We use the Plünnecke-Ruzsa inequality in the finite abelian group $G$: since $A$ is finite, nonempty, and $|A+A|\le K|A|$, it gives
\begin{align*}
|2A-2A|\le K^4|A|,
\qquad
|3A-2A|\le K^5|A|.
\end{align*}
We also use the finite-field Bogolyubov-Ruzsa lemma in the following quantitative form: for the fixed prime $p$ and the parameter $K$, there is a constant $B_p(K)\ge 1$ such that every finite nonempty $A\subset \mathbb F_p^n$ satisfying $|A+A|\le K|A|$ has a subspace $W\le \mathbb F_p^n$ with
\begin{align*}
W\subset 2A-2A,
\qquad
|W|\ge \frac{|A|}{B_p(K)}.
\end{align*}
Both hypotheses of this lemma are exactly the finiteness and nonemptiness of $A\subset \mathbb F_p^n$ and the doubling bound $|A+A|\le K|A|$.
[guided]
The proof needs two quantitative facts. First, small doubling for $A$ propagates to controlled bounds for the mixed sum-difference sets $2A-2A$ and $3A-2A$. The Plünnecke-Ruzsa inequality applies in the finite abelian group $G:=\mathbb F_p^n$ because $A$ is finite and nonempty and because the theorem statement gives $|A+A|\le K|A|$. Applied with two positive and two negative summands, and then with three positive and two negative summands, it yields
\begin{align*}
|2A-2A|=|A+A-A-A|\le K^4|A|,
\qquad
|3A-2A|=|A+A+A-A-A|\le K^5|A|.
\end{align*}
The second estimate is the one that will control how many $W$-cosets can meet $A$.
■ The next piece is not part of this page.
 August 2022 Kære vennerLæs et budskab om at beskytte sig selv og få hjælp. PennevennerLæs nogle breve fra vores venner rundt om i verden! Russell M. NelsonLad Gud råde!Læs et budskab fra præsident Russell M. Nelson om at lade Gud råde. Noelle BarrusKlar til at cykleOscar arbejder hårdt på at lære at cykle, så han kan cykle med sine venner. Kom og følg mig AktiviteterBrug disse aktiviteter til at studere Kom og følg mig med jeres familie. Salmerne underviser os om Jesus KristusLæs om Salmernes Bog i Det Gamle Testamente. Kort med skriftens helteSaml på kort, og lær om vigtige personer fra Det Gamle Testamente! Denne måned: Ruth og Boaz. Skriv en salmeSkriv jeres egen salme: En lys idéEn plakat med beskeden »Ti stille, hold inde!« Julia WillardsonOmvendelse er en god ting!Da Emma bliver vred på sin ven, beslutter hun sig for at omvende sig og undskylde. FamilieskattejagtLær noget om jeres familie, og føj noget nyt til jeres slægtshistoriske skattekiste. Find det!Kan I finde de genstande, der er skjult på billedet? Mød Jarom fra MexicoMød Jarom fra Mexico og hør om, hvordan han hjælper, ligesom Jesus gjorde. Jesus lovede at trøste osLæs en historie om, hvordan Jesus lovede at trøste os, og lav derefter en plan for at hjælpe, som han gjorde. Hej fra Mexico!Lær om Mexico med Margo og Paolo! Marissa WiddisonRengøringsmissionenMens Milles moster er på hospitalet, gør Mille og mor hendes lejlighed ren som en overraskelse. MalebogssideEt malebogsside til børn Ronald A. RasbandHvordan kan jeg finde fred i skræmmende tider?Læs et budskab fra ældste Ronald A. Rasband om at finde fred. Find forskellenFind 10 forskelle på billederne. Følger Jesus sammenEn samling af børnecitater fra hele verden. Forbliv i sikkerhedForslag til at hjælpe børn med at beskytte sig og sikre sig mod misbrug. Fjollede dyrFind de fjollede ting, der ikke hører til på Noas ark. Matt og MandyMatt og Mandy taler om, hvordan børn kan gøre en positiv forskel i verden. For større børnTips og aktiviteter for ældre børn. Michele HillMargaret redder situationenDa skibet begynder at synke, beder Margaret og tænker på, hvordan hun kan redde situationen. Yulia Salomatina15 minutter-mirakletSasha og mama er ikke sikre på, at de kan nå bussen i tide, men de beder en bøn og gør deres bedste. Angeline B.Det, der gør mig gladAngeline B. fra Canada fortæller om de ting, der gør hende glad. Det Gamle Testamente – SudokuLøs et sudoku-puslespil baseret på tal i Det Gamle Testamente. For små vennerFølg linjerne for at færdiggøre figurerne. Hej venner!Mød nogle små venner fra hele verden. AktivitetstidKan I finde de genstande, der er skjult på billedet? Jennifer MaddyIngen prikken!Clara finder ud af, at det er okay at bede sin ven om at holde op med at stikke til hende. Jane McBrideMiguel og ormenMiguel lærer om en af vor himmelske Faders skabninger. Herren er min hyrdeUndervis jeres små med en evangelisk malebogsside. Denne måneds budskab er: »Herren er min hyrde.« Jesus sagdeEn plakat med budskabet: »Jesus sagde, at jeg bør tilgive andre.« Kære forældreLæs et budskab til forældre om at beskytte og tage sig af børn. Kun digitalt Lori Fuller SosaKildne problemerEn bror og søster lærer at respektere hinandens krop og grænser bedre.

Second, small doubling over a fixed finite field forces genuine linear structure inside $2A-2A$. The finite-field Bogolyubov-Ruzsa lemma states, in the quantitative form used here, that for the fixed prime $p$ and the doubling parameter $K$, there is a constant $B_p(K)\ge 1$ such that if a finite nonempty set $A\subset \mathbb F_p^n$ satisfies $|A+A|\le K|A|$, then there is a subspace $W\le \mathbb F_p^n$ satisfying
\begin{align*}
W\subset 2A-2A,
\qquad
|W|\ge \frac{|A|}{B_p(K)}.
\end{align*}
The point of introducing $W$ is that each $W$-coset meeting $A$ contributes a disjoint translate of $W$ inside $3A-2A$, so the number of such cosets is bounded in terms of $p$ and $K$ only.
[/guided]
[/step]
[step:Bound the image of $A$ by counting disjoint $W$-cosets inside $3A-2A$]
Let $W\le G$ be the subspace supplied above, and define the quotient map
\begin{align*}
\pi:G&\to G/W\\
x&\mapsto x+W.
\end{align*}
Let $R\subset A$ be a set containing exactly one representative from each $W$-coset that meets $A$. Then $|R|=|\pi(A)|$, and the cosets $(r+W)_{r\in R}$ are pairwise disjoint. Since $r\in A$ and $W\subset 2A-2A$ for every $r\in R$, we have
\begin{align*}
r+W\subset A+(2A-2A)=3A-2A.
\end{align*}
Therefore the disjoint union $R+W$ is contained in $3A-2A$, so
\begin{align*}
|\pi(A)|\,|W|=|R|\,|W|=|R+W|\le |3A-2A|\le K^5|A|.
\end{align*}
Using $|W|\ge |A|/B_p(K)$ gives
\begin{align*}
|\pi(A)|\le K^5B_p(K).
\end{align*}
[guided]
We now compress the problem by passing to the quotient by the structured subspace $W$. Define the quotient homomorphism
\begin{align*}
\pi:G&\to G/W\\
x&\mapsto x+W.
\end{align*}
This is a group homomorphism and also a [linear map](/page/Linear%20Map) of vector spaces over $\mathbb F_p$.
The inclusion $W\subset 2A-2A$ does not say that $2A-2A$ is invariant under translation by $W$. Instead, we count cosets meeting $A$ by putting their translates inside the larger set $3A-2A$. Let $R\subset A$ be a set containing exactly one representative from each $W$-coset that meets $A$. Then the quotient map sends distinct elements of $R$ to distinct elements of $G/W$, and every element of $\pi(A)$ is represented by one element of $R$; hence
\begin{align*}
|R|=|\pi(A)|.
\end{align*}
The cosets $(r+W)_{r\in R}$ are pairwise disjoint by the choice of one representative per quotient class.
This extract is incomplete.